86. The method of claim 83, wherein said nucleic acid molecule comprises an isolated nucleic acid of claim 1, 9, or 12.

87. The method of claim 83, wherein said cell is a membraneous bacterium.

88. The method of claim 83, wherein said cell is a highly membraneous bacterium.

89. The method of claim 83, wherein said method further comprises inserting a second nucleic acid molecule comprising a nucleotide sequence that encodes a polypeptide having DDS activity into said cell.

90. The method of claim 89, wherein said second nucleic acid molecule comprises an isolated nucleic acid of claim 14, 22, 25, 27, 35, 38, or 53.

91. A method for increasing production of CoQ(10) in a membraneous bacterium, said method comprising inserting a nucleic acid molecule comprising a nucleic acid sequence that encodes a polypeptide having DDS activity into said bacterium such that production of CoQ(10) is increased.

92. A method for increasing production of CoQ(10) in a highly membraneous bacterium, said method comprising inserting a nucleic acid molecule comprising a nucleic acid sequence that encodes a polypeptide having DDS activity into said highly membraneous bacterium such that production of CoQ(10) is increased.

93. A method for making an isoprenoid, said method comprising culturing a cell under conditions wherein said cell produces said isoprenoid, said cell comprising at least one exogenous nucleic acid that encodes at least one polypeptide, wherein said cell produces more of said isoprenoid than a comparable cell lacking said at least one exogenous nucleic acid.

94. The method of claim 93, wherein said cell is selected from the group consisting of Rhodobacter and Sphingomonas cells.

95. The method of claim 93, wherein said isoprenoid is CoQ(10).

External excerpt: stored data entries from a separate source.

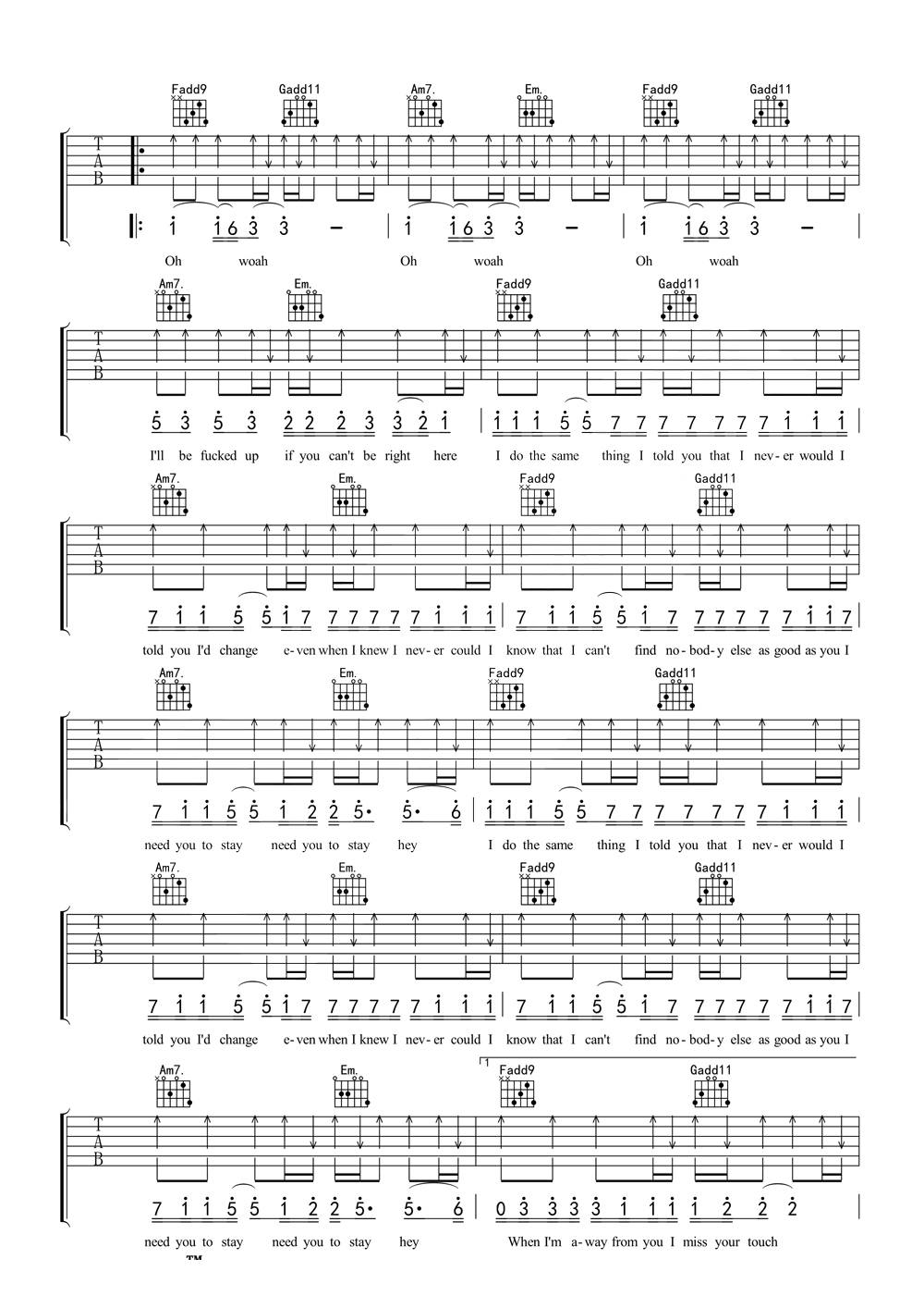 贾斯汀·比伯《Stay》吉他谱,无限延音编配出品,共有3张高清图谱。
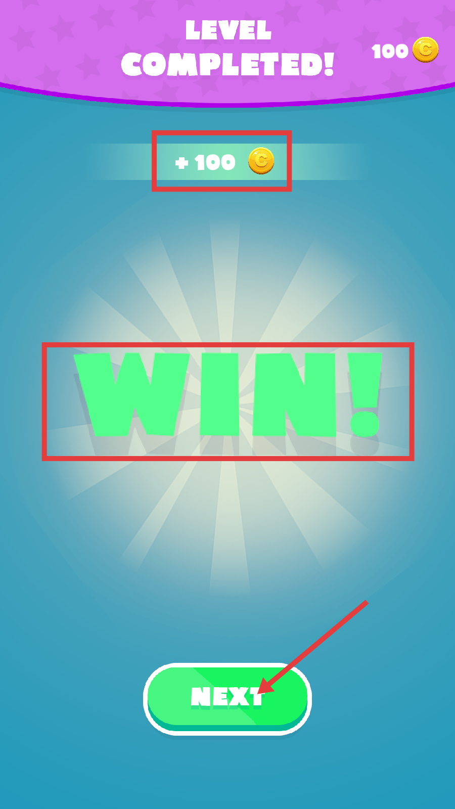 4、成功通关后,界面显示【LEVEL-COMPLETED!】和【WIN!】,获得+100金币奖励,点击【NEXT】进入下一关。
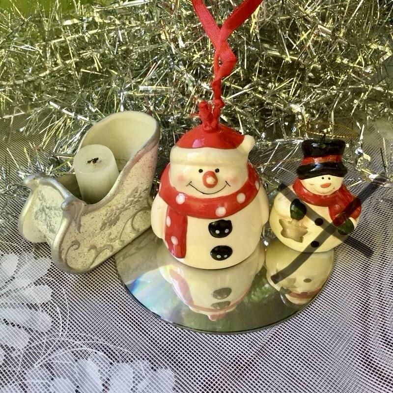 Продам одним лотом две керамические новогодние игрушки: снеговик-колокольчик и подсвечник-санчата. - Снеговик может использоваться как колокольчик. Высота 7,5 см, диаметр основания-5,5 см. ‼️Нюанс : есть трещины керамики под эмалью, не сильно заметно, если не приглядывать (это из-за того, что его использовали в качестве колокольчика) - Свечанок : узорчатые саночки с мелкими серебряными блестками Длина 8,5 см, высота 5,5 см.
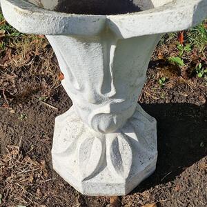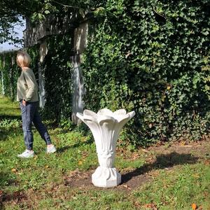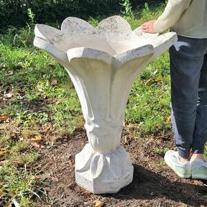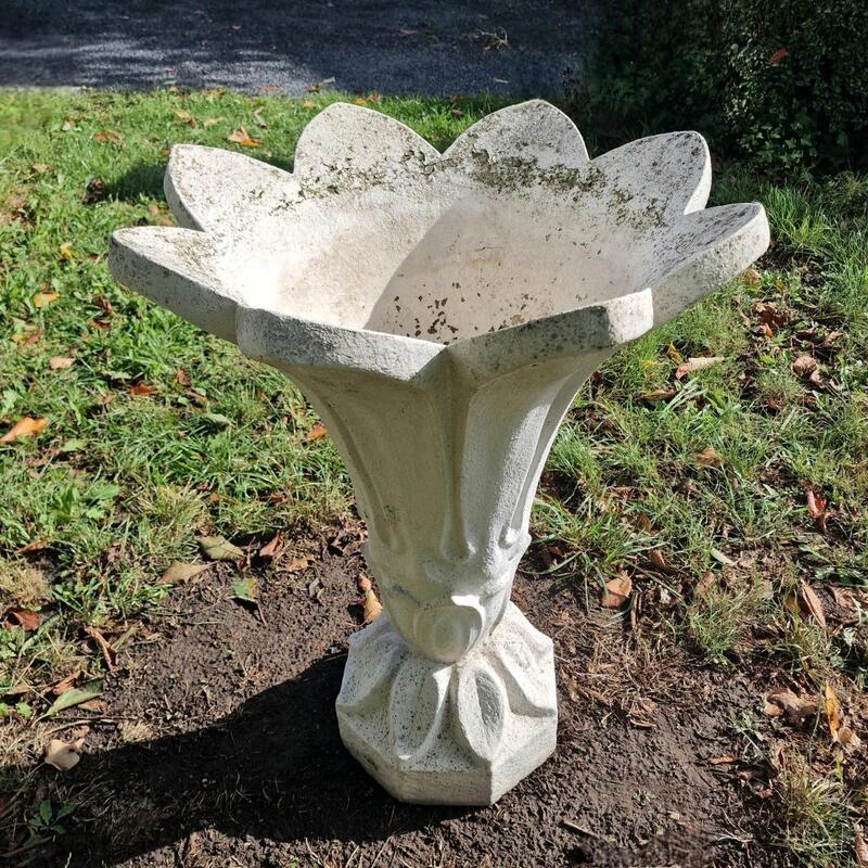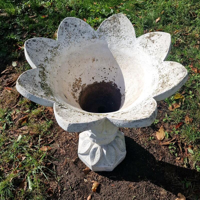 A charming and elegant flower shaped planter made of cast stone, slightly weathered thick white paint, drainage hole, stable model in very good condition, Belgium 1960
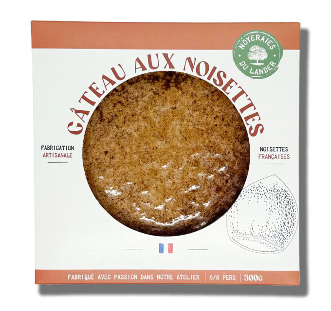 Ce gâteau aux noisettes est préparé avec amour, avec des noisettes issues de nos producteurs partenaires situés en Lot-et-Garonne et notre farine de noisette.
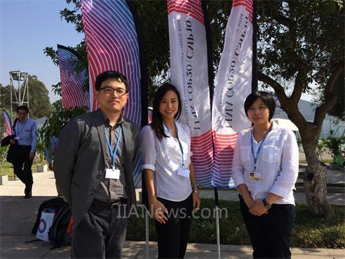臺(tái)達(dá)基金會(huì)三位氣候與能源專員(左起)謝雯凱,葉怡辰及吳郁娟于COP20會(huì)場留影
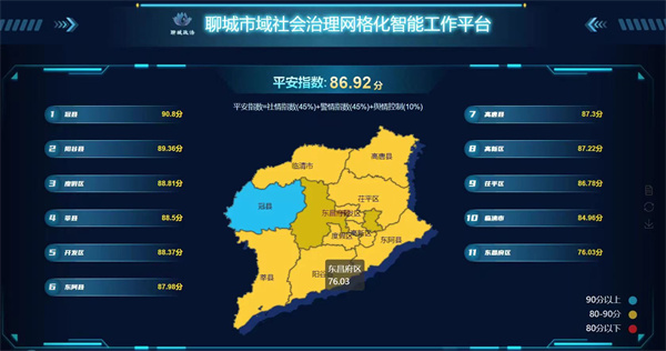 試點(diǎn)工作中,聊城市運(yùn)用市域社會治理智能化平臺助力深化平安建設(shè),在平臺定期生成全市“平安指數(shù)”,涵蓋各縣區(qū)社會治安、道路交通、安全生產(chǎn)等10項(xiàng)指標(biāo),引導(dǎo)精準(zhǔn)查找、整改短板問題。針對重大活動,發(fā)揮平臺研判決策、指揮調(diào)度功能,對問題及時(shí)發(fā)現(xiàn)處置,助力工作嚴(yán)格落實(shí)。
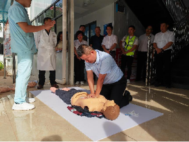 活动伊始,张凯致辞并宣布活动正式开始。随后,广西国际壮医院急诊科包一涵主任进行了应急救护理论培训和实际操作指导。通过此次培训,员工的应急救援的技能得到了进一步的提升。
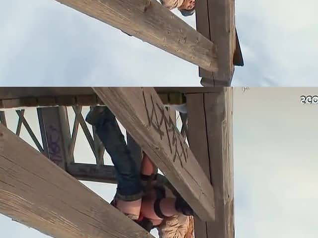 The whore is delighted with the standing fuck outdoors

96. The method of claim 93, wherein said at least one polypeptide has DDS, DXS, ODS, SDS, DXR, 4-diphosphocytidyl-2C-methyl-D-erythritol synthase, 4-diphosphocytidyl-2C-methyl-D-erythritol kinase, or chorismate lyase activity.

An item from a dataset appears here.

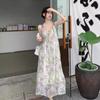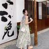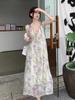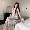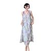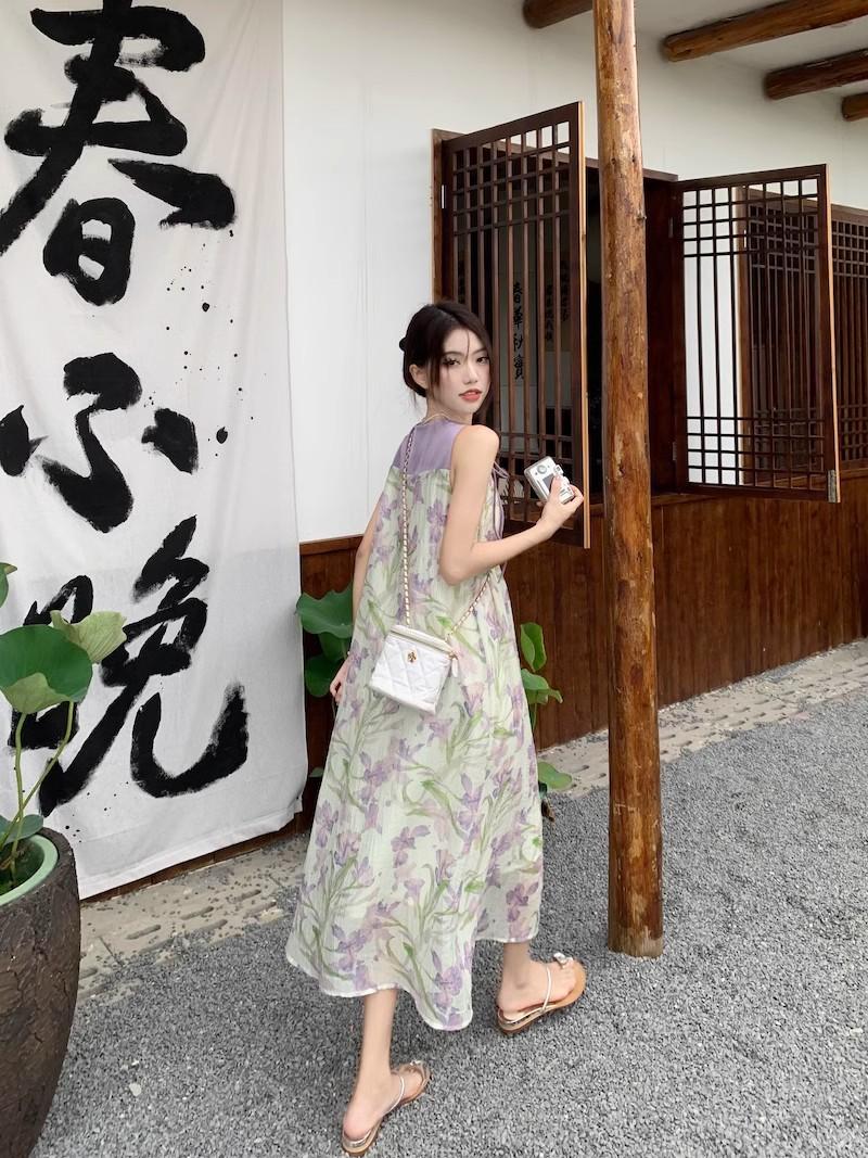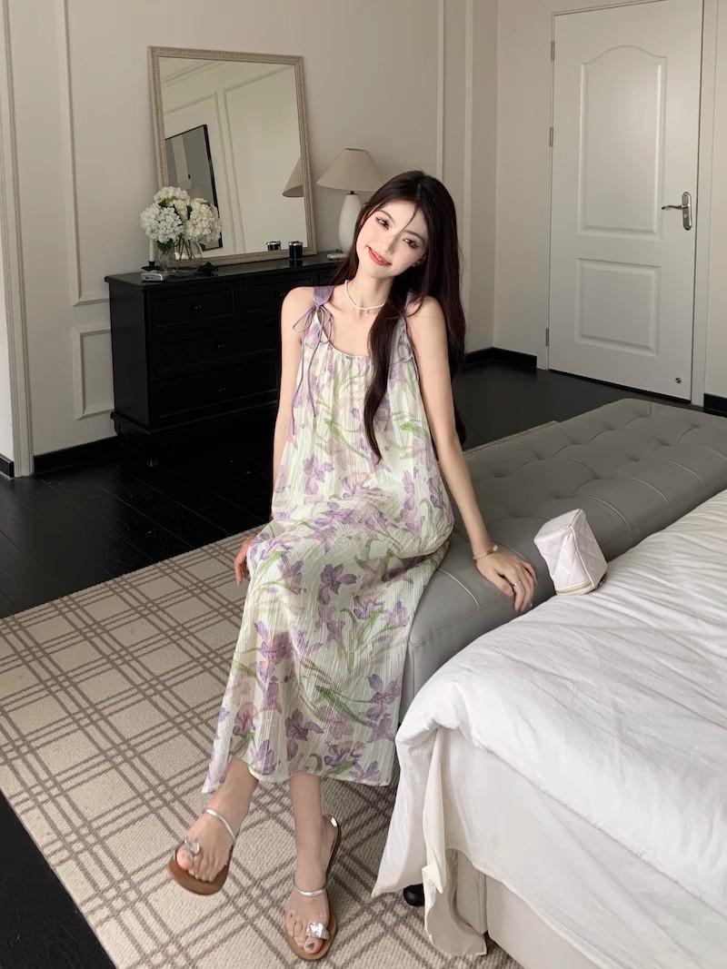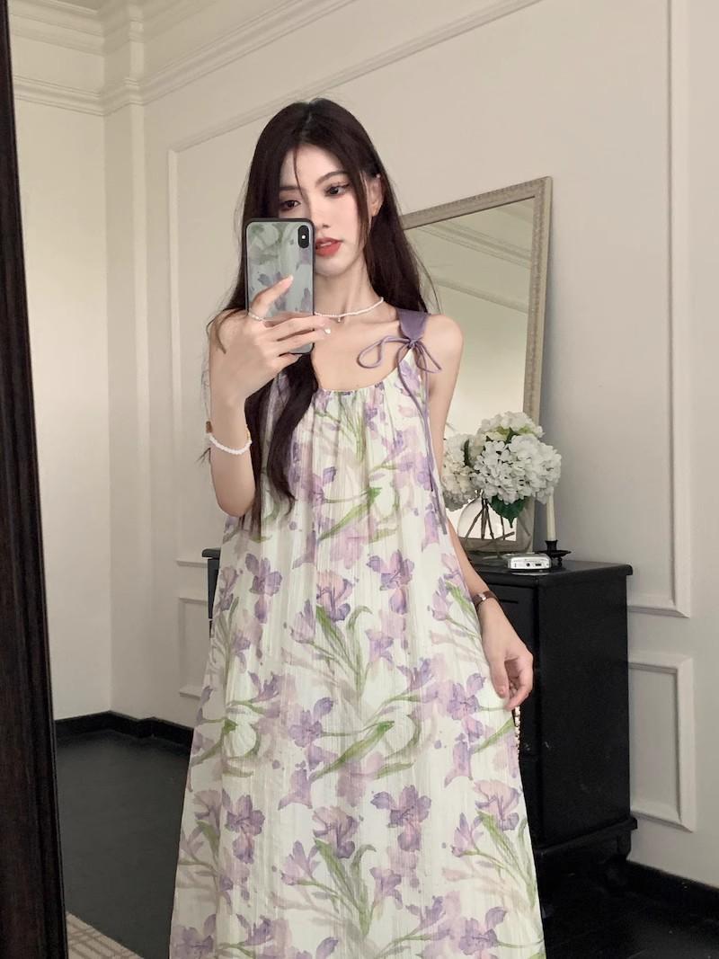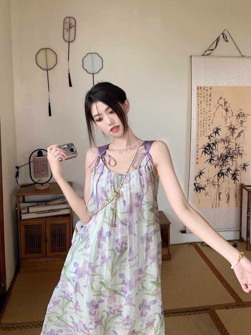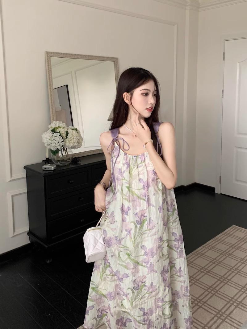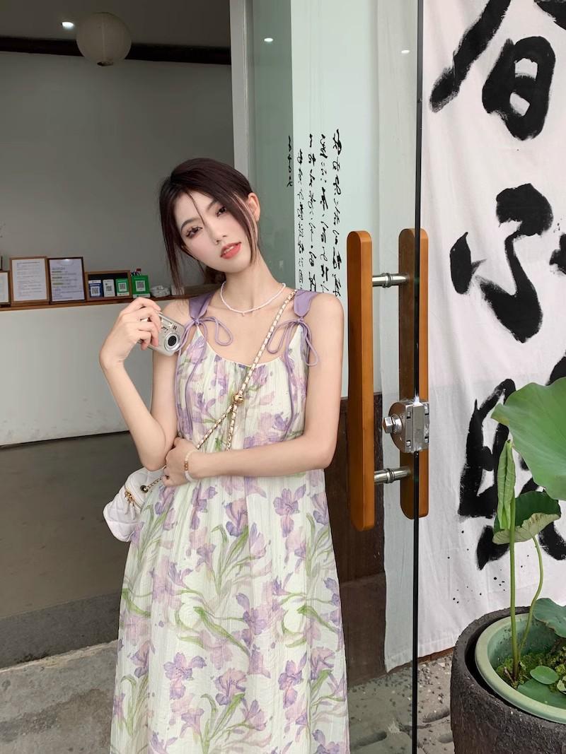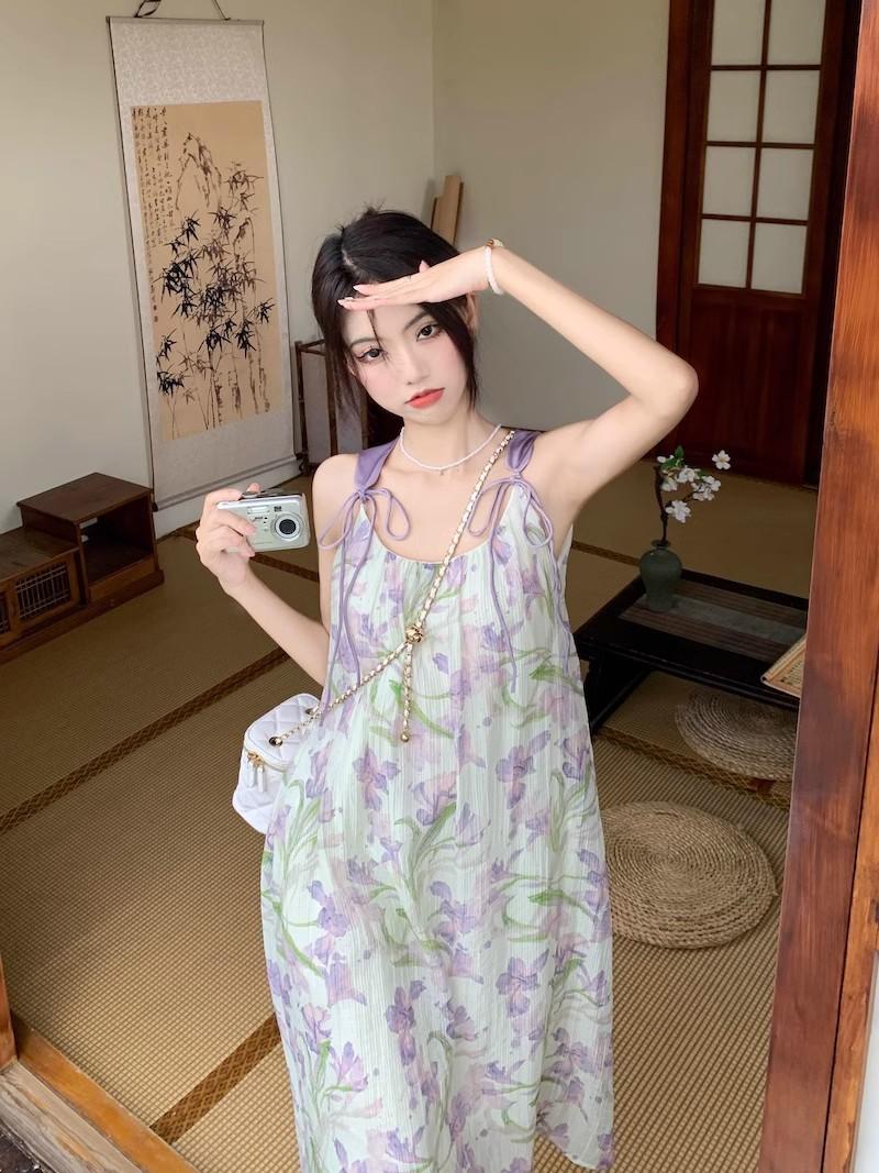 (con interior) Vestido largo elegante de verano con tirantes finos y estampado floral morado para mujer, estilo festivo y suave.

97. The method of claim 93, wherein said at least one polypeptide is a UbiC polypeptide or a LytB polypeptide.

98. The method of claim 93, wherein said cell comprises a non-functional crtE sequence, ppsR sequence, or ccoN sequence.

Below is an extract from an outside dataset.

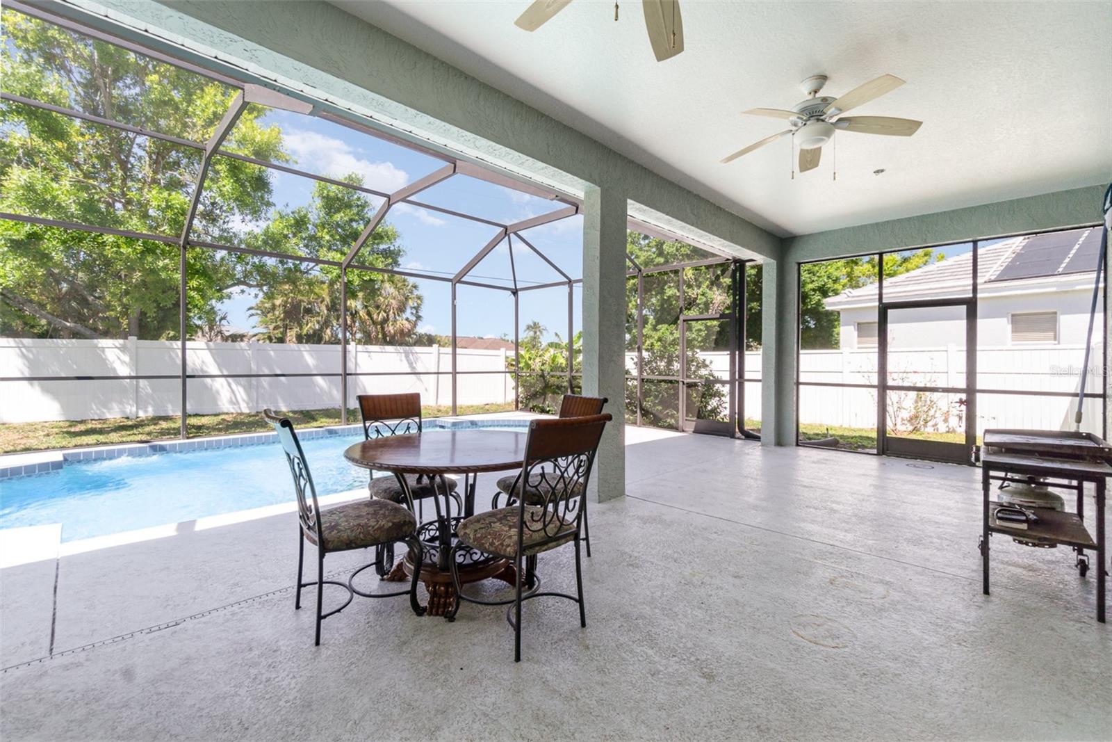 NEW ROOF NEW A/C September 2025, New carpet in bedrooms, Resurfaced pool, an updated water heater, remodeled primary suite - this move-in ready gem is waiting for you and your furniture! This beautifully designed 3-bedroom, 2-bathroom pool home located in the sumptuous, gated Palmer Glen community blends indoor charm with outdoor enjoyment, and the sellers just sweetened the deal with a generous $2,000 CREDIT towards a new paint job. Step inside and you’ll be welcomed by soaring ceilings and abundant natural light streaming through oversized windows and sliding glass doors, creating a bright, open atmosphere throughout. The spacious living room flows into a generously sized family room, perfect for a reading nook or additional seating area — an ideal setup for both entertaining and everyday living, all while offering serene views of the screened-in pool and expansive patio deck. The kitchen is a chef’s dream, featuring sleek cabinetry, a closet pantry, and upgraded stainless steel appliances — including DOUBLE OVENS — all enhanced by stylish light fixtures that give the home a warm and timeless feel. A large dining room area accompanies the kitchen, and nearby, the laundry room is equipped with a deluxe oversized washer and dryer, utility sink, and built-in cabinetry for added convenience. The primary suite is a true retreat, complete with a tray ceiling, two walk-in closets, and large sliding glass doors that open directly to the pool patio. The en-suite bathroom offers a spa-like experience with dual vanities, a huge custom-built walk-in shower, and abundant storage space added by the owners. On the opposite side of the home, two additional bedrooms are generously sized and share an updated bathroom, making the layout perfect for guests or family. Outside, enjoy your private oasis with a sparkling resurfaced pool, spacious patio for entertaining, and a cozy fire pit area perfect for unwinding under the stars. A two-car garage and extended driveway provide ample parking for multiple vehicles. The home is located in a no-flood zone and made it through both storms without any damage! You’ll have additional peace of mind with impact-grade windows, and the owners are even including the lawn care equipment for you! Positioned directly across from The Celery Fields, you’ll enjoy immediate access to over 400 acres of pet-friendly walking and biking trails, kayaking, fishing, and birdwatching. Nathan Benderson Park is just a short drive away, offering breathtaking scenery and outdoor recreation, while top-tier shopping, dining, and major highways are all within easy reach. This home truly offers it all — location, upgrades, and an incredibly motivated seller.

99. The method of claim 93, wherein said cell comprises a non-functional crtE sequence, ppsR sequence, and ccoN sequence.

100. The method of claim 93, wherein said cell comprising a genomic deletion, wherein said deletion comprises at least a portion of a crtE sequence, ppsR sequence, or ccoN sequence, and wherein said cell comprises a non-functional crtE sequence, ppsR sequence, or ccoN sequence.

101. A method for making an isoprenoid, said method comprising culturing a genetically modified cell under conditions wherein said cell produces said isoprenoid.

102. The method of claim 101, wherein said isoprenoid is CoQ(10).

103. The method of claim 101, wherein said cell comprises an exogenous nucleic acid.

104. The method of claim 101, wherein said cell comprises a genomic deletion.